If the legal community is to play a different and productive role in the accountable, value-based, patient-centered healthcare landscape, it must:

  • Rigorously assess the socio-economic risks confronting low-resource healthcare consumers (often civil rights violations) that simultaneously harm healthcare providers and insurers. These issues extend well beyond access to insurance coverage.
  • Learn the healthcare system’s values, financing, vocabulary, and culture. We may use different words to describe our goals for patients/clients (“engagement” v. “self-efficacy” v. “empowerment”), but we often are talking about the same thing, and in fact pursuing the same goals.
  • Embrace the depth of our lawyer’s “toolbox” even if it means adapting our individual lawyering styles and larger practice structures. Healthcare is re-examining whether its practices are truly “patient-centered” – perhaps this process will produce reflections that enhance client-centeredness in the legal profession as well.

 

Samantha J. Morton is Executive Director of Medical-Legal Partnership | Boston (MLP | Boston), the founding site of the national MLP network. She is outgoing co-chair of the BBA Delivery of Legal Services Section and a member of the BBA Health Law Section. Ms. Morton is a national expert on how legal strategies can be deployed to address social determinants of health, and how the healthcare and legal communities can better align promote health equity. Before joining MLP | Boston in 2003, she was an Associate at Hale & Dorr LLP and a judicial clerk for the United States District Court for the District of Maine. Ms. Morton is a graduate of Cornell University and the University of Michigan School of Law. 

 Kirsten Meisinger is Regional Medical Director at Cambridge Health Alliance (CHA) as well as Special Projects Coordinator for CHA’s Department of Family Medicine. She has practiced medicine at Union Square Family Health Center in Somerville since 1999, serving as Medical Director since 2008. Dr. Meisinger is a graduate of Brown University and Case Western Reserve University School of Medicine, and she completed her Family Medicine residency at Greater Lawrence Family Health Center.

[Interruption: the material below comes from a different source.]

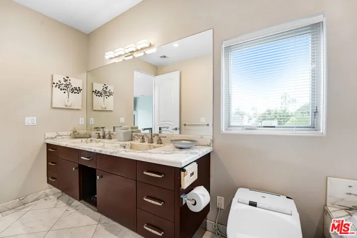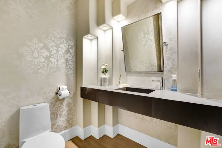 Contemporary Masterpiece! This contemporary dream home features a great-for-entertaining floor plan, grand living room, wet bar w granite counter-tops, & Venetian plaster finished wall fireplace. Formal dining room leads through the butler’s station into a professional Chef’s kitchen, large center island with sink, stainless steel appliances, custom made cabinetry, 32-bottle wine refrigerator, walk-in pantry, & breakfast area. The first floor also features a large bedroom suite & a luxurious venetian plaster powder room. Glide up the intricate modern staircase with designer railing to the second floor featuring three bedroom suites, including 2 Luxurious Master Suites with steam showers in white Carrera marble, bubbling spa tubs with massaging jets, state-of-the-art bidet toilets, custom made hardwood cabinets, designer sinks, boutique walk-in closets, and fireplaces. Expansive outdoor entertaining area, complete with cabana-style sitting area and lushly landscaped backyard. Enjoy the lifestyle of Melrose, West Hollywood, Beverly Hills, and Sunset Strip!
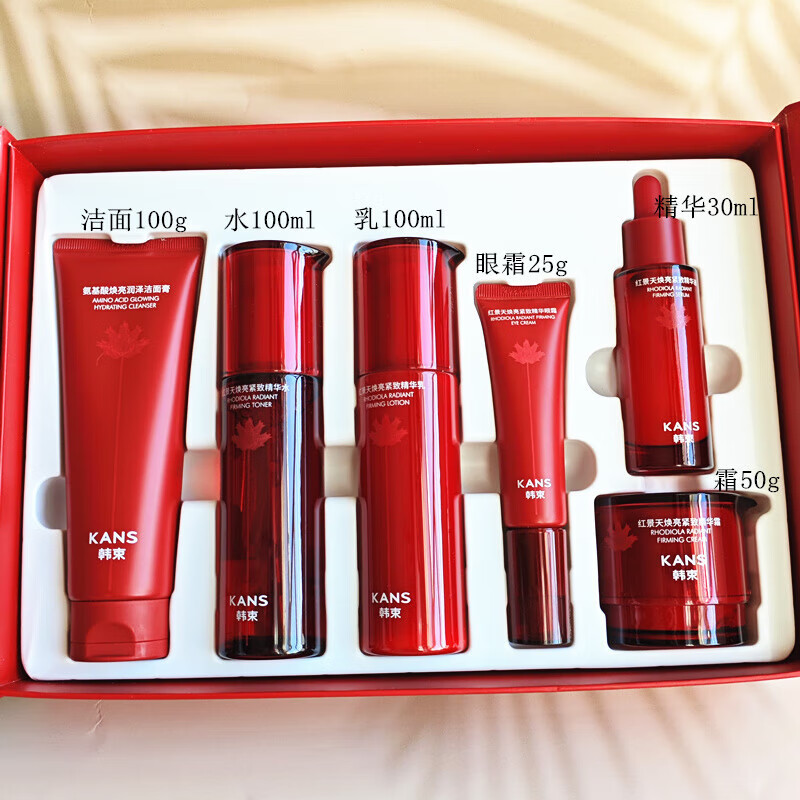 韩束红景天焕亮紧致奢享礼盒保湿紧致抗皱护肤六件套水乳霜套组

She has clinical appointments at Harvard Medical School and Tufts University School of Medicine, and serves on MLP | Boston’s Advisory Board. 

Deborah Durant is a Staff Attorney at MLP | Boston and a member of the Practical Skills Committee of the BBA New Lawyers Section. A graduate of Tufts University and Suffolk University Law School, Ms. Durant complemented her law degree with master’s degrees in Urban and Environmental Policy and Planning & Child Development. Before joining MLP | Boston in 2013, she worked at Oracle Corporation.

——

[1]See Suzanne Delbanco & David Lansky, The Payment Reform Landscape: Accountable Care Organizations, HealthAffairs Blog (Aug.5, 2014, 1:12PM),  http://healthaffairs.org/blog/2014/08/05/the-payment-reform-landscape-accountable-care-organizations/.

[2] Mass. Gen. Laws ch. 224, § 60 (2012)

[3]See Patient Centered Medical Home Resource Center, Agency For Healthcare Research And Quality, http://pcmh.ahrq.gov/page/defining-pcmh (last visited August 13, 2014).

[4]See Michelle H. Soper & Brianna Ensslin, State Approaches to Integrating Physical and Behavioral Health

Services for Medicare-Medicaid Beneficiaries: Early Insights, Ctr. For Health Care Strategies, Inc. (2014), http://www.chcs.org/media/State_Approaches_to_Integrating_Physical_and_Behavioral_Health.pdf.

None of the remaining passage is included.